Troy ignored him. He disappeared into the kitchen.
‘Kitty, why are you here?’
Kitty sat down on the armchair, stuck her hands back in her pockets and stared at him. Troy swung his legs to the floor and realised he’d be foolish in the extreme to try and stand.
‘Kitty, I’m very sorry your father’s dead. But taking it out on me isn’t going to bring him back.’
‘I’m here because.’
This construction had always baffled him. Russian had nothing like this. The incomplete ending implying that he should know how the sentence ended-that it was a moral issue to know, and a moral dereliction to have to ask.
‘What is it you think I can do for you?’
‘You can help Calvin catch the bloke who killed my dad.’

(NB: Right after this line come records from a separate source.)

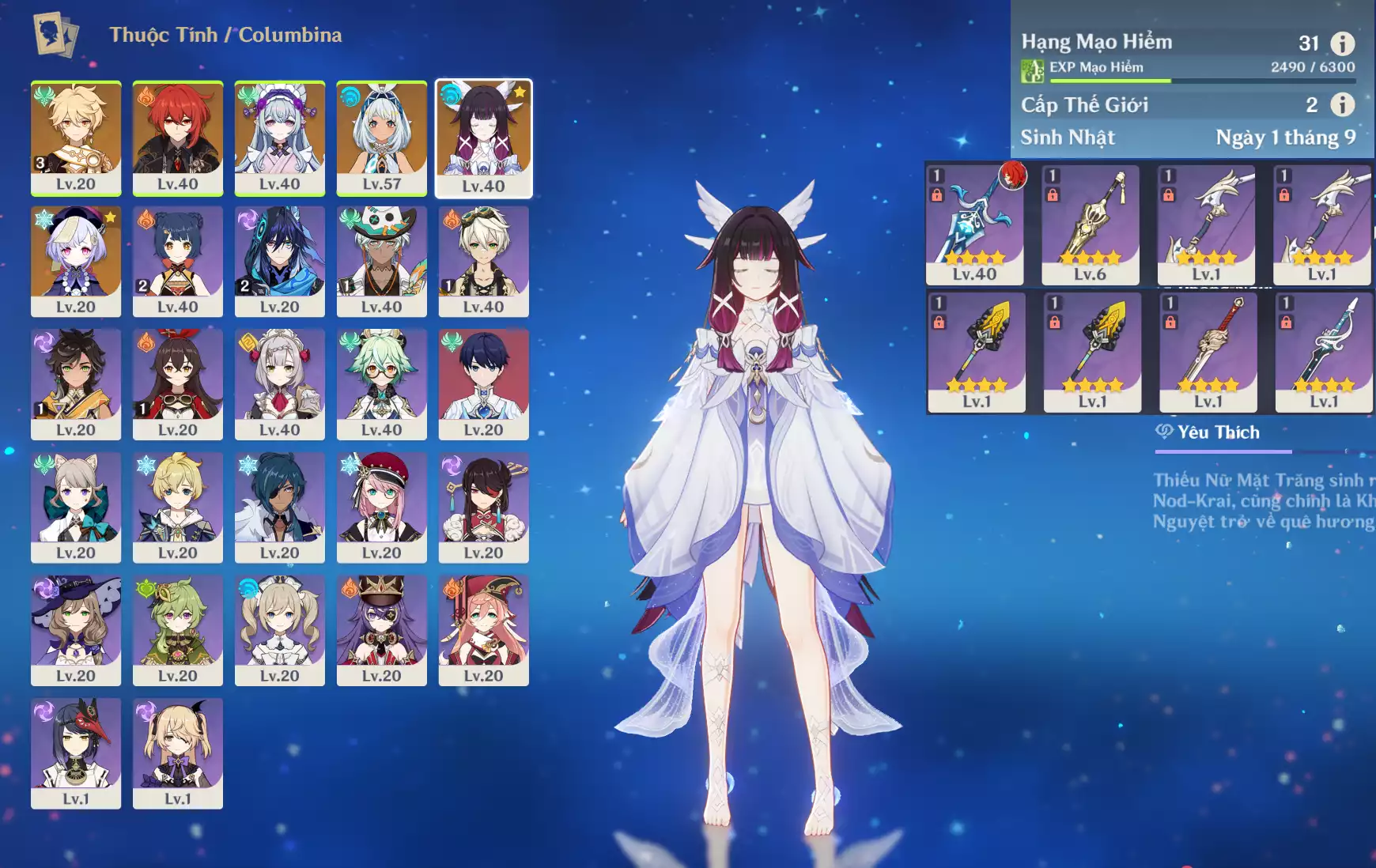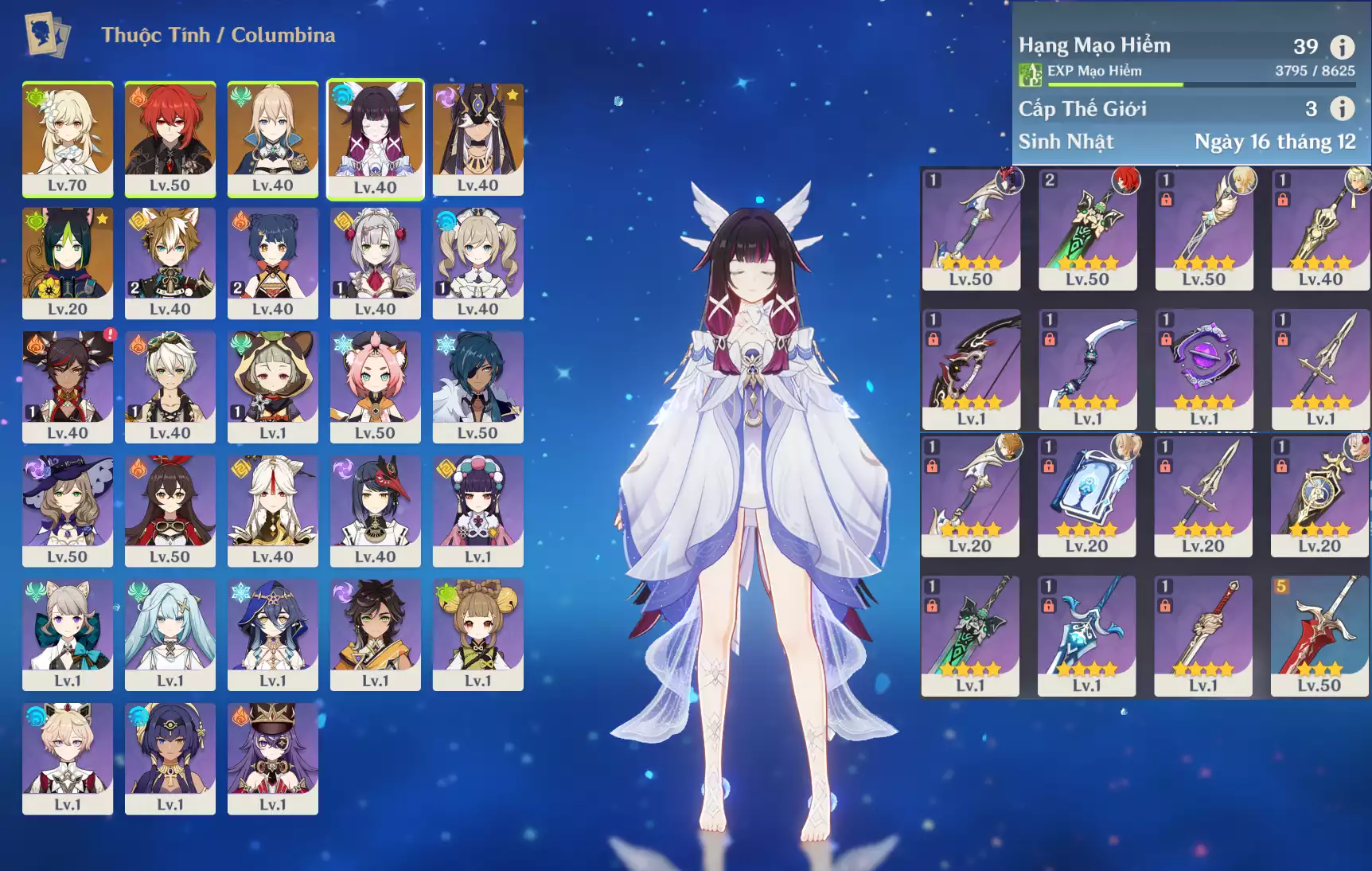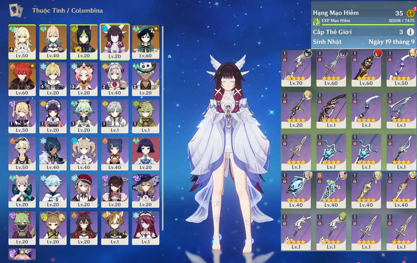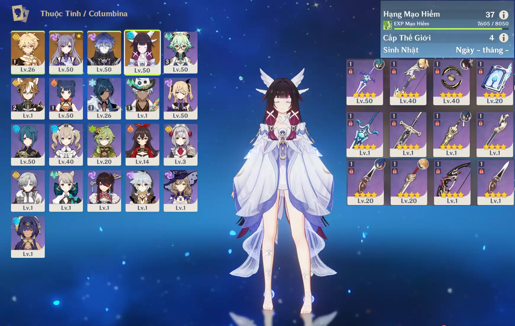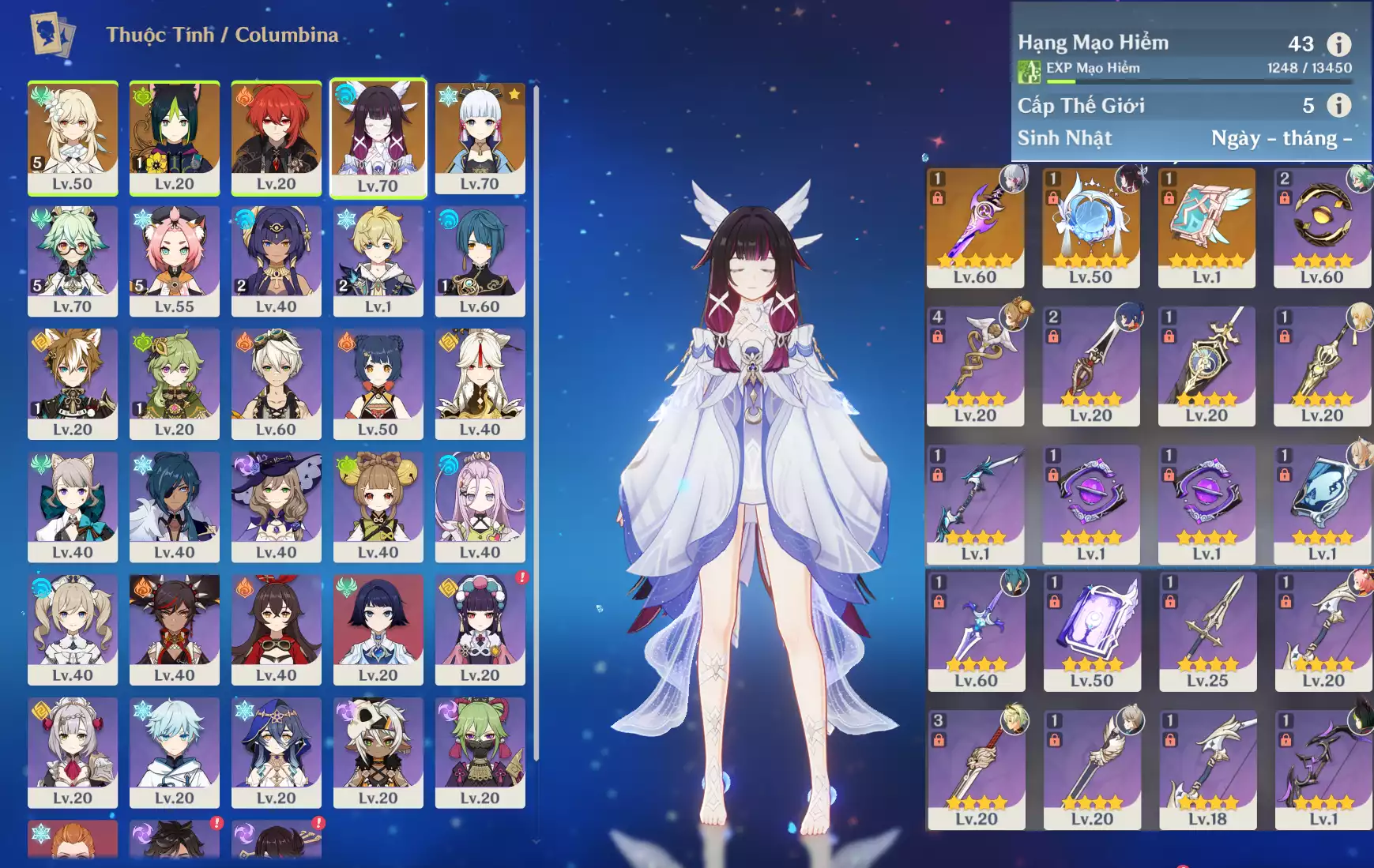Ar43 : Columbina*Trấn ( DKHM ) + Ayaka*Trấn ( ASĐSM ) + TighnariC1 _ banner nhân vật ĐÃ LỆCH 4 trang ( acc trắng thông tin _ chưa set email + sinh nhật ) _ map zin 95%.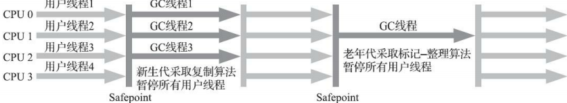 混合收集:指目标是收集整个新生代以及部分老年代的垃圾收集,目前只有G1收集器会有这种行为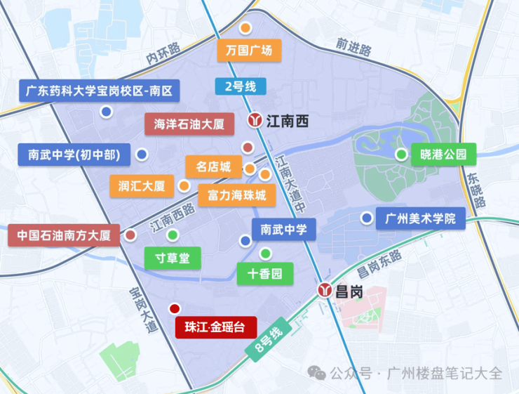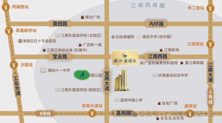 项目对面即为广州市江南外国语学校(省一级),周边2公里内昌岗中路小学、广州市第五中学、广州市南武中学等多所省级名校环伺;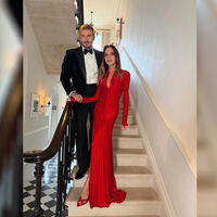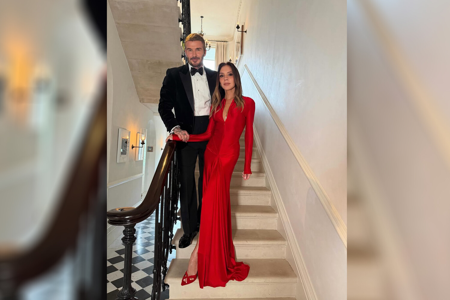51-летняя Виктория Бекхэм и Дэвид были запечатлены в доме. Дизайнер позировала в красном облегающем макси-платье с глубоким декольте и разрезом. Она также надела босоножки на каблуках в тон и золотую цепочку с кулоном. Знаменитость предстала с уложенными волосами и макияжем. Дэвид Бекхэм был одет в белую рубашку с бабочкой, черный брючный костюм и туфли.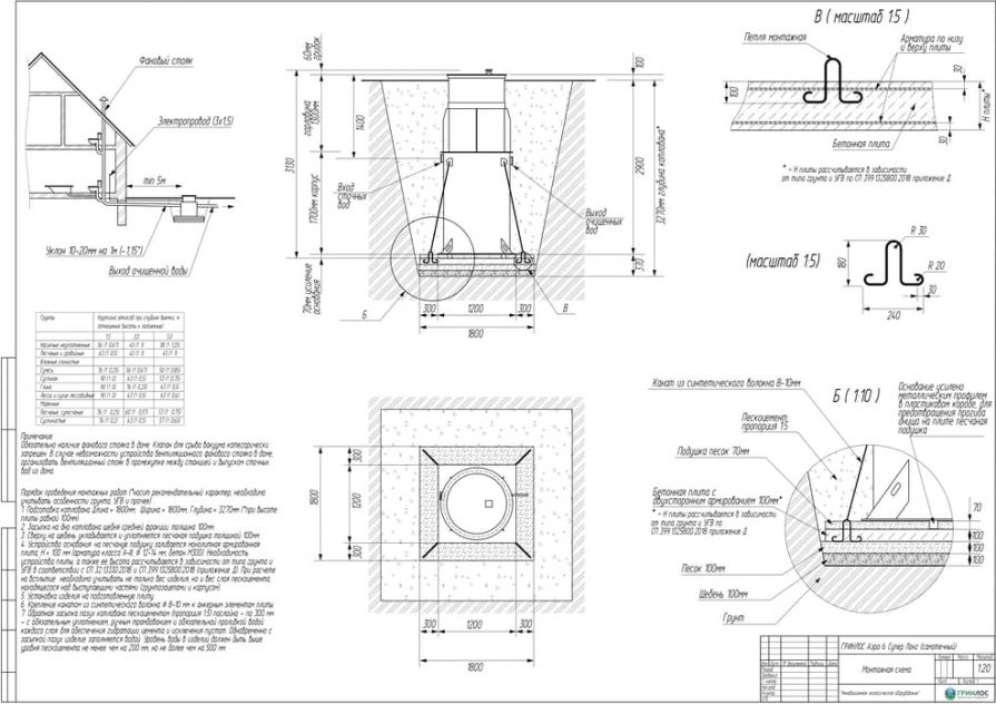 Целесообразно доверить выбор и монтаж оборудования специализированной компании. Перед непосредственным монтажом Оборудования специалисты осуществляют подготовку котлована. Его размеры определяются конструктивными особенностями выбранной модели оборудования. Ознакомиться с данными параметрами можно в приложении к ПС. По боковым стенкам корпуса должно быть сохранено свободное расстояние до грунта не менее 250 мм. Дно котлована нуждается в более тщательной подготовке. Его подвергают выравниванию с последующей засыпкой слоем песка, обладающим толщиной в пределах 10-15 см. Пазухи котлована подвергают обратной засыпке при помощи песка, который послойно поливают водой. Прежде чем приступить к аналогичным работам, емкость оборудования на четверть заполняют водой. Впоследствии количество воды внутри емкости увеличивают соразмерно уровню засыпки песком наружных стенок. Каждые 200 мм песка подвергаются ручному уплотнению.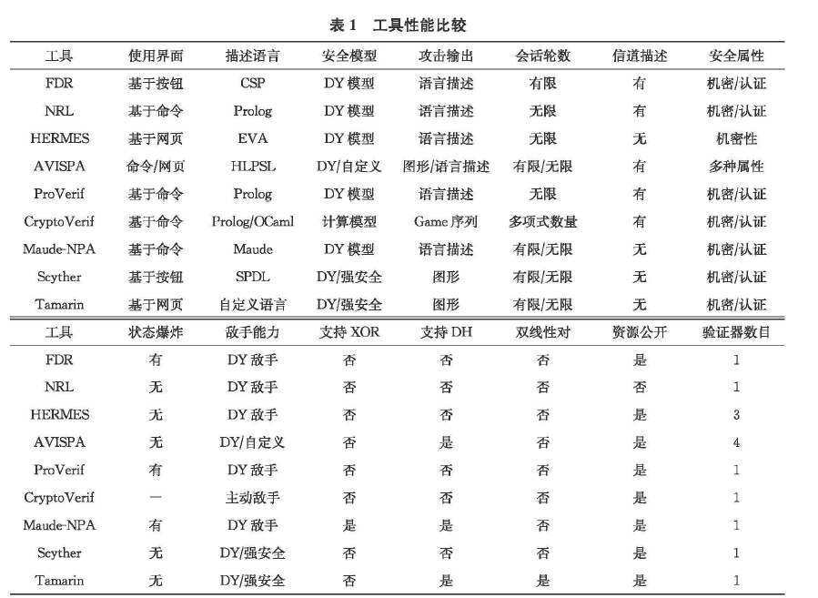 下图是比较 形式化分析的工具性能的截图(基本上可以对自己要分析的协议有一个基本的判断之后,就可以选择使用什么样的工具来分析协议)

Troy sank back. He should have guessed – it was typical of Kitty to want the moon.
‘Jesus Christ.’
‘You can do this, Troy. Calvin can’t do a thing on his own. The Yard’ll run circles round him. He’ll wander round London like a dog at a fair.’
‘What you mean is that I should go up against Nailer for you.’
‘Nailer ain’t gonna catch him, now is he?’
‘Probably not.’
‘And you don’t have to go up against Nailer. You just have to sort of go round him.’
Troy said nothing. He hoped that if he said nothing for long enough Kitty might just give up and bugger off.
‘There’s no on else can do it,’ she went on, undeterred. ‘You owe me this, Troy. You do this for me. And if that don’t mean nothin’ to you, then do it for my mum.’